In the alternative, the appellant contends that the trial court erred when it found that it was estopped from raising the two-year limitation period as a bar to appellee’s action, because the pleadings contain no averment of estop*438pel or fraud as required by Pa.R.C.P. No. 1019(b). A review of the complaint and reply to new matter reveal that the appellant has pled estoppel. Equitable estoppel is a matter of fundamental fairness whose purpose is to prevent a party from assuming a position to another’s disadvantage inconsistent with a previously taken position which induced the other party to believe that certain facts existed and, in such case, the party is estopped from denying its repudiating acts.
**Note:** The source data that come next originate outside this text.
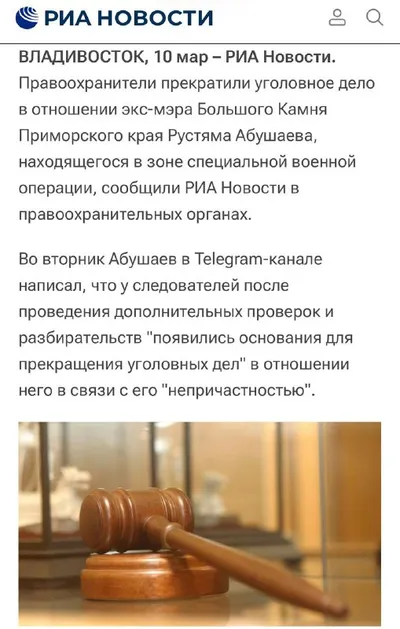 Бывший мэр Большого Камня Рустям Абушаев сообщил о прекращении уголовных дел в его отношении По словам Абушаева, после проведения дополнительных проверок следователи пришли к выводу о его непричастно
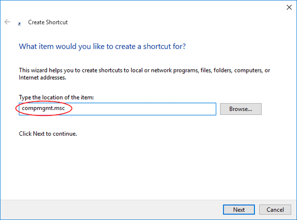 Quando si apre la procedura guidata Crea collegamento, digitarecompmgmt.mscnella casella della posizione del collegamento e fare clic su Avanti.
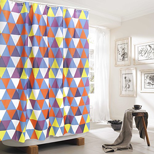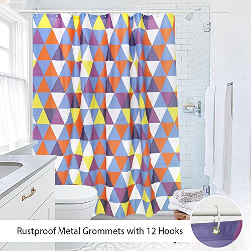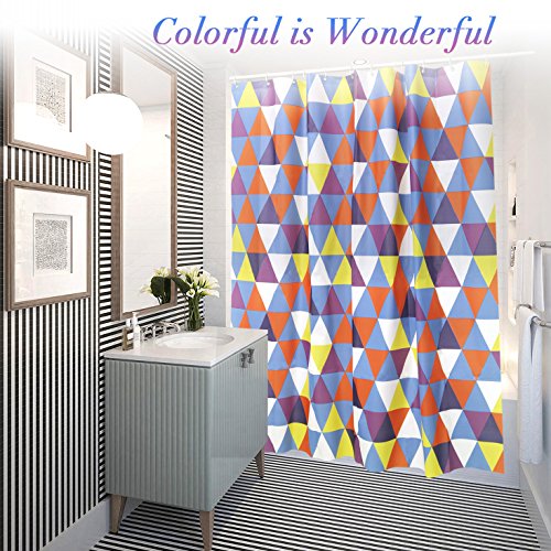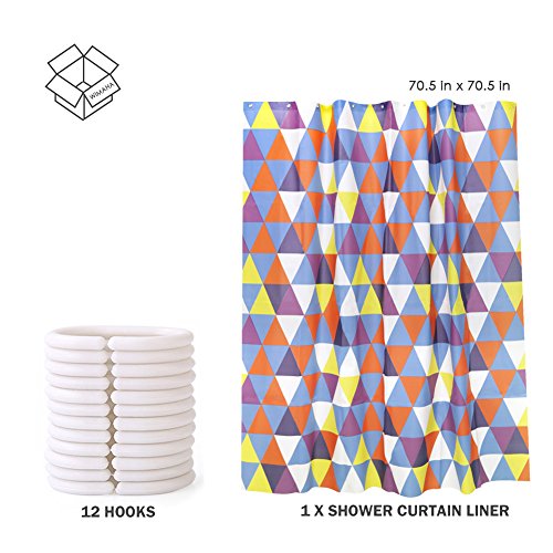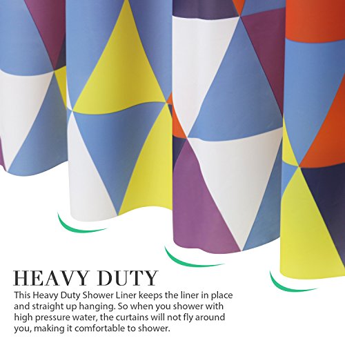 Wimaha Mildew Resistant Shower Curtain Liner, Odorless PEVA Shower Liner Waterproof Heavy Duty for Bathroom, 12 Metal Grommets and Plastic Hooks,70.5" x 70.5", Triangle Patterns, Colorful
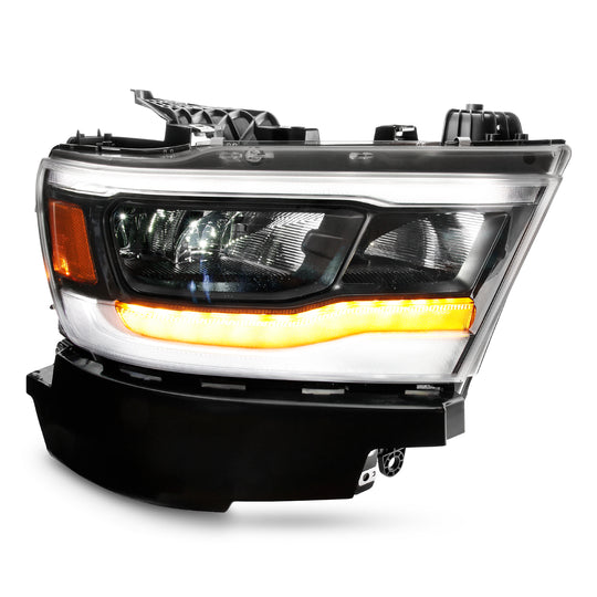 AKKON - Fits 2019-2023 Ram 1500 [Full LED] Tube DRL Running Signal Headlight w/ Black Bezel Reflector Passenger Right
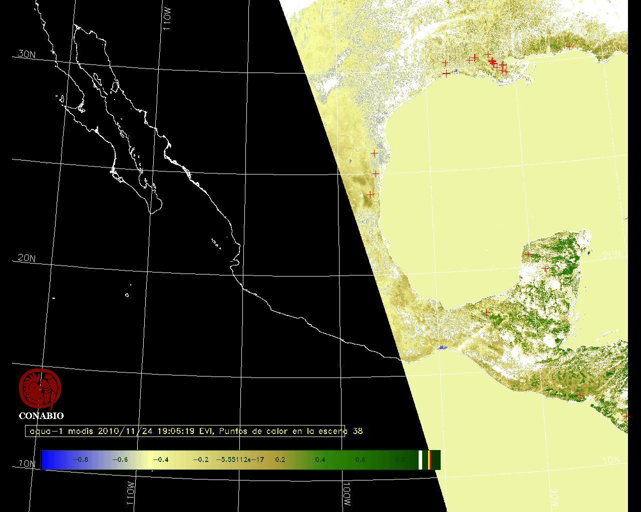 Se considera como punto de calor al elemento espacial mínimo de la imagen (pixel) que reporta una temperatura elevada. Para las imágenes diurnas la temperatura mínima considera es de 42 C y para las imágenes nocturnas es de 25 C. |

Big Beaver Falls Area School District v. Cucinelli, 112 Pa.Commonwealth Ct. 341, 535 A.2d 1205 (1988). Again, the record is replete with instances of the appellant’s awareness of the appellee’s pending claim. Furthermore, this argument is totally inconsistent with the action of appellant’s representatives who assured appellee a refund would be coming.
The appellant next contends that the appellee was unwise in having relied upon the representations made by the appellant’s officials. In essence, appellant is arguing that the individuals that the appellee had contact with lacked the authority to issue a refund. This argument is meritless. The appellee’s representative spoke to the Borough council president and numerous other officials who were responsible for appropriations and expenditures.
Lastly, the appellant argues that to be entitled to statutory interest, Ordinance No. 187 must have first been ruled invalid and Ordinance No. 187 was never ruled invalid, nor challenged in court. This ordinance, however, was revoked, thereby entitling appellee to a refund of its permit fee. Additionally, this argument was not raised under Pa.R.C.P. No. 227.1 in the form of a post-trial motion so is, therefore, waived.
Accordingly, the order of the trial court is affirmed.
ORDER
AND NOW, this 22nd day of February, 1990, the order of the Court of Common Pleas of Chester County in the above-captioned matter is affirmed.
. Section 806.1 of the Fiscal Code, Act of April 9, 1929, P.L. 343, as amended, 72 P.S. § 806.1.
. This section was amended on December 17, 1986, effective July 1, 1987, extending the time period in which to file a claim from two years to three years. However, for our purposes, the two-year time period applies.